Jonathan outlines the process well. Why do we do things this way? As a team with decades of combined experience in several different journal models, the team who launched PLoS Biology in 2003 felt, and I agree , that professional editors bring certain strengths to the job and academics bring others. For example, professional editors can drive greater speed of decision making; it is, after all, our only and full-time job, and we share office space with the excellent administrative team for the journal. We also show no fear or favour: our next job (or grant) is not dependent on pleasing one author or another. And we can ensure consistency across fields by working together as a small team. But we readily admit that this small team cannot possibly provide the depth of insight in multiple fields that academic editors can: they know their field, its frontiers and its people (including rising young stars) much better than we can. So, we feel that a partnership brings huge benefits to the authors we’re here to serve.
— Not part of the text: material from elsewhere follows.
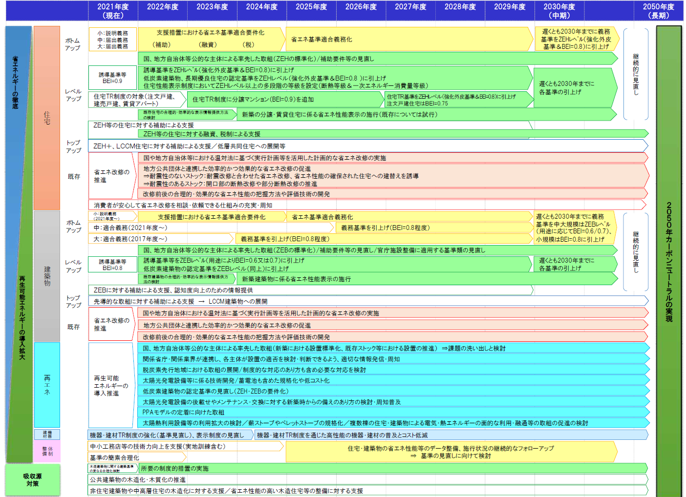 修正案においても、省エネ基準適合義務化の年限は2025年度と変わらず。2050年度の長期目標も「ストック平均でZEH・ZEB基準の水準の省エネ性能が確保されている」と、修正前の水準を堅持した。ただし、30年度の目標は、新築住宅を「ZEH基準の省エネ性能」に「適合させる」と、実質的にはZEH水準を義務化(省エネ基準の引き上げ)する表現に改められた。

We have over 100 academics in different fields on our editorial board and yet we still often get papers that none of them feels comfortable handling – but we’re never more than one referral away from someone who knows the field well. And some members of our board are called on much more than others. We cannot dictate who submits what to the journal, so some board members are called on only a handful of times per year while others hear from us every month.

So, our decision to build an advisory board reflects at least two major aspects of the way we work with academic editors: that some editorial board members work with us frequently, and that some of them also weigh in more substantially on editorial issues and matters of journal policy and practice, not just on individual papers in their field.  Appointing such committed academic editors to the advisory board is also our way of acknowledging the time and work they invest in PLoS Biology. Our advisory board members, chaired by Jonathan, will be our first port of call as we continue numerous discussions about peer review, plagiarism, data handling, publication ethics and how we develop PLoS Biology. In Jonathan’s formal role as chair of this group, and informal one as evangelist for PLoS and PLoS Biology, he will have a more manageably sized group to consult first with new ideas.

The editorial team of PLoS Biology look forward to working with Jonathan and the new Advisory Board over the coming months.